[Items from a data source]
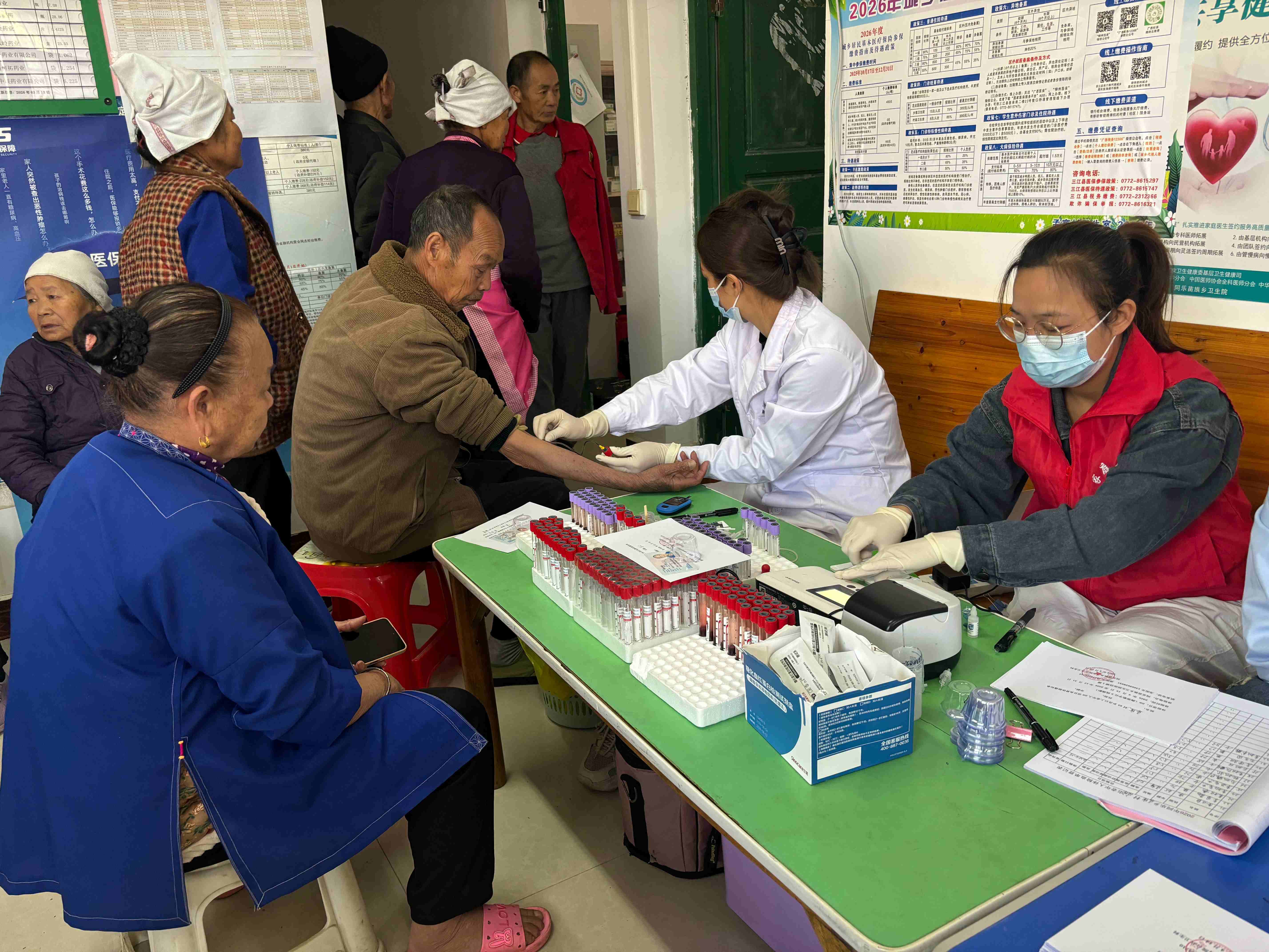 4月23日,三江侗族自治县同乐苗族乡卫生院医疗团队走进孟寨村,在村卫生室为六十五岁以上老年人、慢性病患者及特殊人群开展免费健康体检活动,让老百姓在“家门口”就能享受便民医疗服务,不断强化医疗保障体系建设。
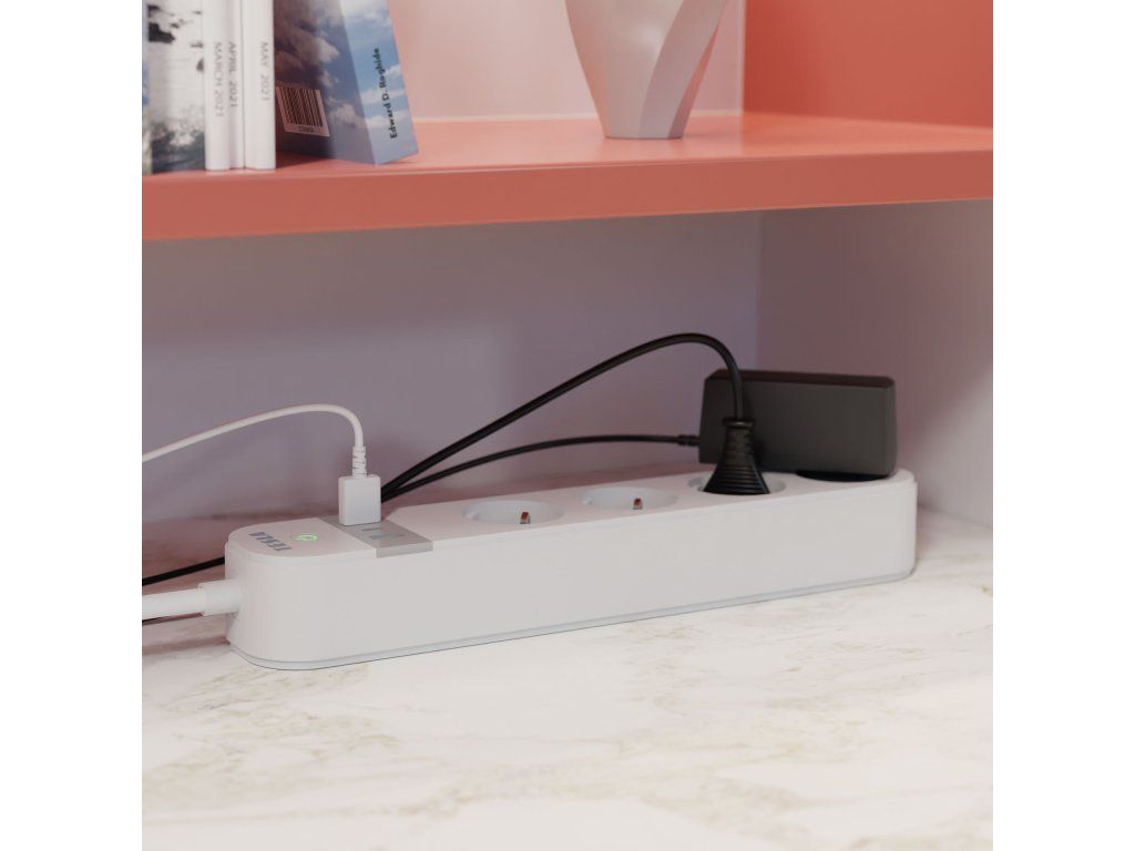Ovládejte na dálku větší množství zařízení. Chytrý prodlužovací přívod dodá každému spotřebiči chytré funkce a umí napájet až 7 zařízení současně, včetně těch s USB-A i moderními USB-C kabely. S aplikací v mobilu přes Wi-Fi nastavíte nejen automatizace, ale získáte i přehled o spotřebě, čímž můžete optimalizovat provoz domácnosti a ušetřit.
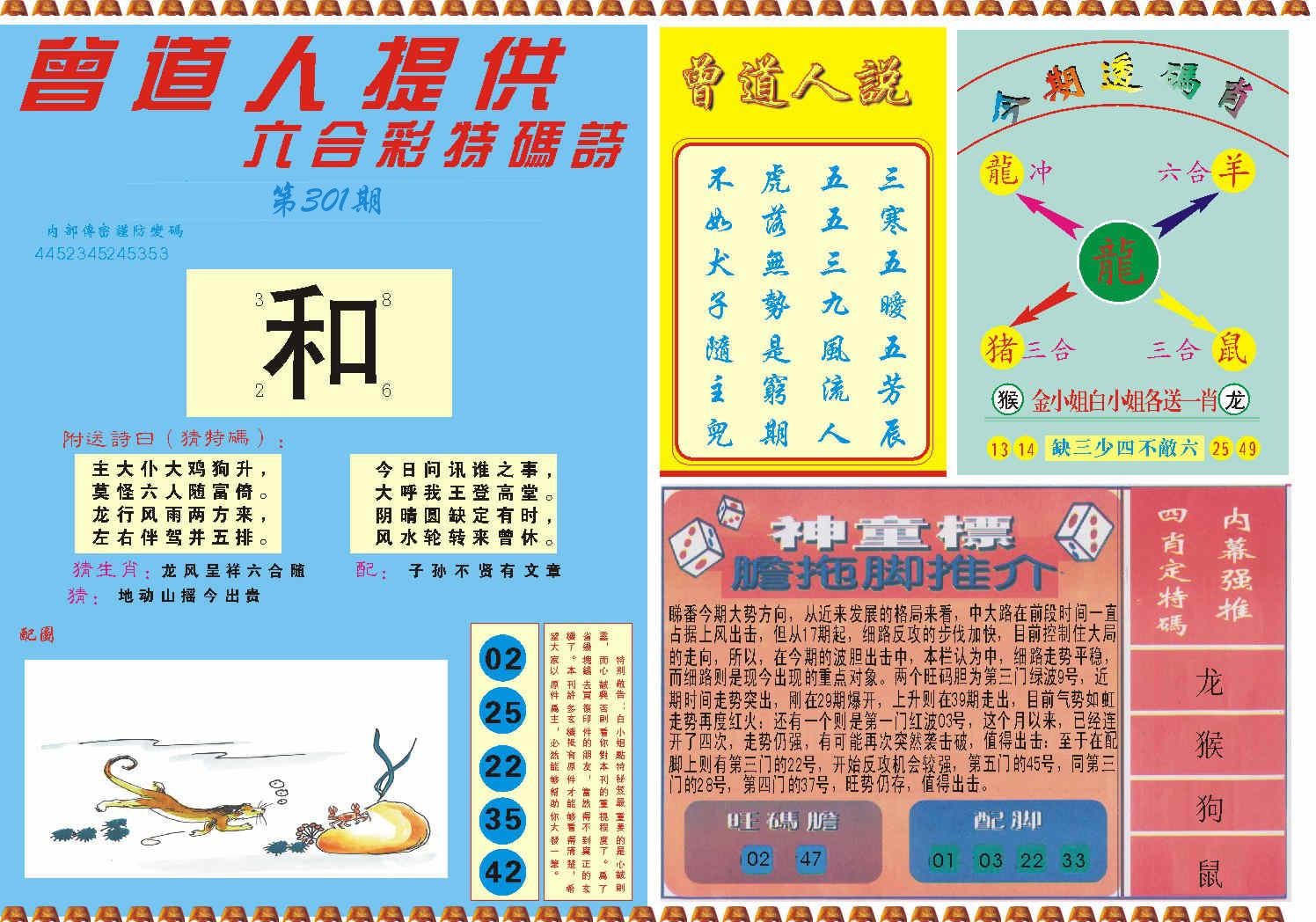 新香港六合彩 第 2025301 期 開獎結果
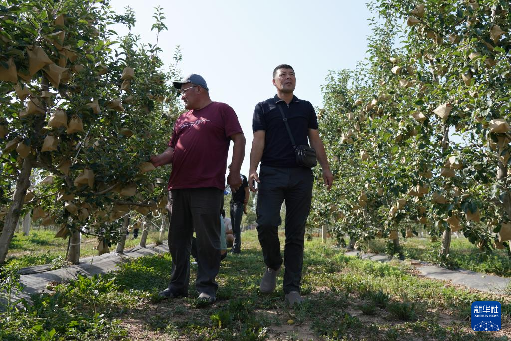 6月16日,培训班学员在位于陕西省渭南市白水县的西北农林科技大学苹果试验站参观果园。
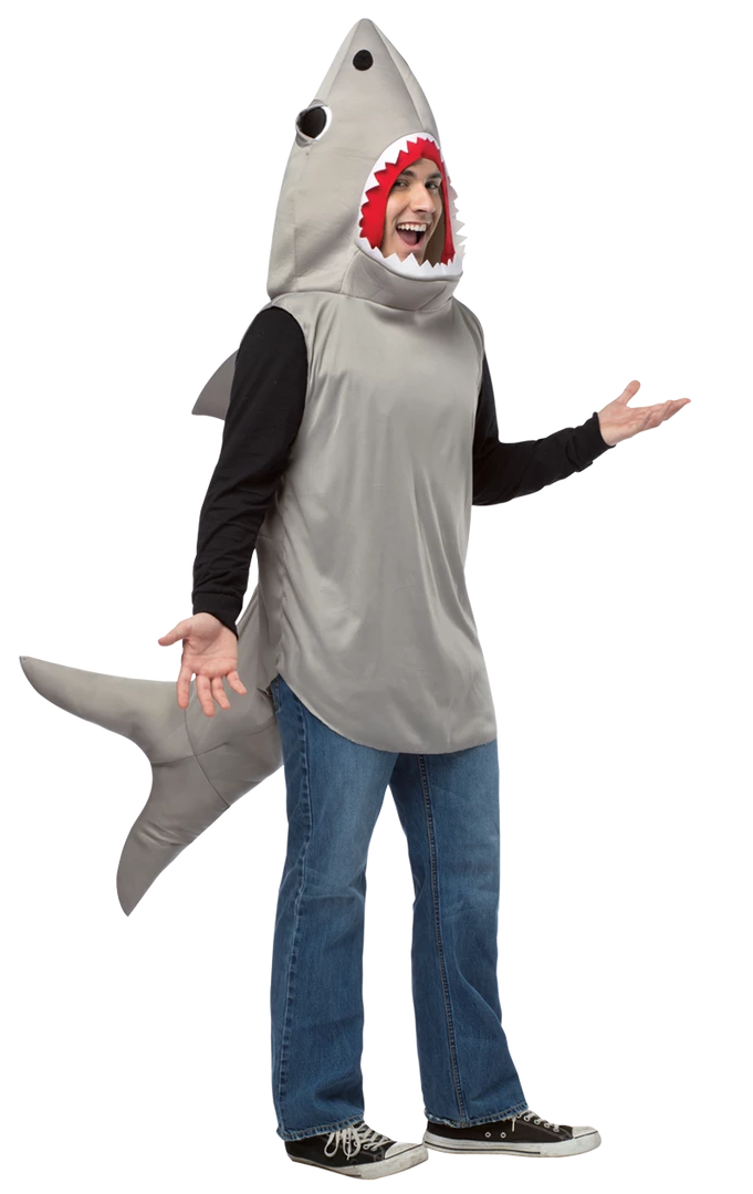 The Adult Shark Costume is lightweight and can easily be worn over your clothes. Headpiece, fin and tail are attached. Please note: T-shirt and trousers are not included.
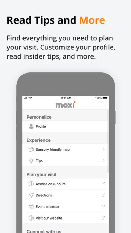The MOXI app was developed to help all families, especially those with disabilities or young children, to prepare for a day at the museum. In the app, you’ll be able to learn more about our exhibits, create your own schedule for the day, play MOXI matching, and check out features like our sensory-friendly map and insider tips.
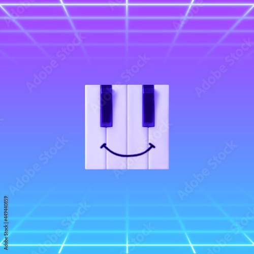 Minimal vaporwave or cyberpunk abstract music scene with creative emoticon made of piano keys on vibrant, purple and blue gradient background with perspective grid. Happy face emoji 3D illustration.

▸ Instructions to follow
Reproduce exactly and only the lines from the "新香港六合彩 第 2025301 期 開獎結果" line to the last line of the records above. Do not carry over any pictures.

▸ Solved problem
 新香港六合彩 第 2025301 期 開獎結果
 6月16日,培训班学员在位于陕西省渭南市白水县的西北农林科技大学苹果试验站参观果园。
 The Adult Shark Costume is lightweight and can easily be worn over your clothes. Headpiece, fin and tail are attached. Please note: T-shirt and trousers are not included.
The MOXI app was developed to help all families, especially those with disabilities or young children, to prepare for a day at the museum. In the app, you’ll be able to learn more about our exhibits, create your own schedule for the day, play MOXI matching, and check out features like our sensory-friendly map and insider tips.
 Minimal vaporwave or cyberpunk abstract music scene with creative emoticon made of piano keys on vibrant, purple and blue gradient background with perspective grid. Happy face emoji 3D illustration.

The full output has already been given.